Everything above resolves the anchored present. GET /v1/spiral/sim is the other half: it encodes an instant produced by an abstract simulation clock — one that runs at a custom rate, from a custom epochSimMs, in either direction — then feeds it through the exact same Spiral encoder as GET /v1/spiral, so you get the same 12-rung coordinate, compact form, and spiral string back. It is the endpoint behind the SDK's simStamp helper.

The simulation domain is structurally isolated from the real anchored "now": it never reads the anchor loop and never writes into any stateful primitive (Skills triggers, output pacing, Causal ordering), so a rescaled or reversed sim clock cannot corrupt real-account state. Backward-moving time is permitted for the same reason. The isolation is echoed back on every response under isolation.affectsAnchoredLoop / isolation.affectsStatefulPrimitives (both false), and anchor.anchored is false with sourceLabel: "simulation".

The projection is deterministic in elapsedRealMs — the sim instant is epochSimMs + elapsedRealMs × rate × sign(direction) and the route never reads the server wall clock — so identical inputs always yield the same coordinate. Instants outside JS Date's representable range encode via the year-only deep-time path (microsecond..month phases zeroed) instead of being rejected, so synthetic and deep-time epochs work the same way. Auth-gated on the same X-API-Key chain as the other spiral endpoints.

Query parameters:

  • epochSimMs (number, default 0) — the sim instant in ms since the Unix epoch that the clock's anchor maps to. Any finite value.
  • rate (number, default 1) — sim ms advanced per real ms (magnitude; must be finite and ≥ 0). Use direction to reverse — a negative rate is rejected so the model stays unambiguous.
  • direction ("forward" | "reverse", default forward) — direction of sim-time flow relative to real time.
  • elapsedRealMs (number, default 0) — real milliseconds elapsed since the anchor; the sole driver of the projection.
  • precision (optional) — a precision floor for the full-resolution path (one of us, ms, s, min, hr, day, wk, mo, yr, dec, cen, mil). Ignored on the deep-time year-only path.

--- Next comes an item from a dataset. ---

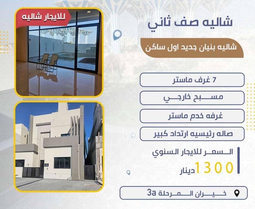 للايجار شاليه صف ثاني بنيان جديد اول ساكن و شهر مجانا

A 60×-fast-forward example (one real second becomes one sim minute):

curl 'https://temporalblock.com/api/v1/spiral/sim?epochSimMs=0&rate=60&direction=forward&elapsedRealMs=1000' \
  -H 'X-API-Key: tblk_live_…'

The response shape (abbreviated):

{
  "sim": { "epochSimMs": 0, "rate": 60, "direction": "forward", "elapsedRealMs": 1000, "simInstantMs": 60000 },
  "resolution": "full",
  "deepTime": false,
  "year": 1970,
  "precision": null,
  "compact": { "scales": ["us", "ms", "…", "mil"], "sin": [/* 12 */], "cos": [/* 12 */] },
  "spiralString": "<phase string>",
  "anchor": { "sourceLabel": "simulation", "anchored": false },
  "isolation": { "affectsAnchoredLoop": false, "affectsStatefulPrimitives": false },
  "requestId": "<id>"
}

Riley B1 and Greenhall ML on their own are well-known prior art; the hand-off rule, the agreement branch, and the per-deployment fallback threshold are the novel elements in the Spiral provisional.

Temporal Spiral is patent pending — U.S. Provisional Application No. 64/065,213 (filed 2026-05-14).